AWS Solutions architect 8 - Application, Analytics, and Operations

Application Integration

Simple Notification Service (SNS)

  • Publisher/subscriber base service

    • SNS coordinates and manages the sending and delivery of messages
    • messages sent to a topic (base) are distributed to subscribers
    • SNS integrates with many AWs services
    • using SNS, CloudWatch can notify admins of important alerts
  • Components

    • Topic: isolated configuration for SNS, including permissions

      • messages (<= 256 KB) are sent to topic
      • subscribers to that topic receive messages
    • Subscriber: endpoints that receive messages for a topic

      • HTTP(S)
      • email and email-json
      • SQS (message that can be added to more requests)
      • mobile phone push notifications
      • lamda functions
      • SMS (cell phone message)
    • Publisher: entity that publishes/sends messages to queues

      • application
      • AWS services, including S3 (S3 events), CloudWatch.

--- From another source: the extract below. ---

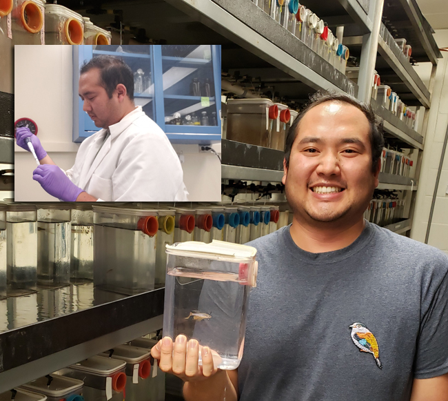 A large portion of Irvin's dissertation research took place in the lab (seen in inset). Irvin, an advanced graduate student at Stony Brook University’s School of Marine and Atmospheric Sciences, uses molecular biology to understand the impacts of pollutants on fish health and survival. He is also pictured in SBU’s zebrafish facility. The zebrafish is a model species that can offer clues to the developmental and behavioral effects of sublethal exposure to pharmaceuticals found in wastewater effluent. Credit: Irvin Huang.

CloudFormation…
          graph TD
      
      subgraph private VPC
        G[Cloud formation]
        H[EC2]
        I[ASG]
      end
      
      subgraph public Internet
        J((API HTTP/S))
      end
      
      subgraph SNS
        A(Publisher)
        B[Topic]
        C[Subscriber]
      end
      
      D(mail)
      E[SQS Queue]
      F(lambda)
      G[cell phone message]
      
      A --> B;
      B -- send message --> C;
      C --> J;
      J --> B;
      G --> B;
      H --> B;
      I --> B;
      
      C --> D;
      C --> E;
      C --> F;
      C --> G;

Simple Queue Service (SQS)

  • SQS provides fully managed, highly available message queues for inter-processes/server/service messaging

    • used mainly to create decoupled architecture
    • messages are added to a queue and retrieved via polling
  • Polling types

    • short polling: available messages are returned ASAP. May return 0 messages, increased number of API calls
    • long polling: waits for messages for a given WaitTimeSeconds (much efficient)
    • more efficient: less empty API calls/responses
  • Queue types

    • Standard (distributed, scalabale to nearly unlimited message volume)
    • FIFO (messages are delivered once only. Throughput limited to -3000 messages per second with batching or -300 without by default)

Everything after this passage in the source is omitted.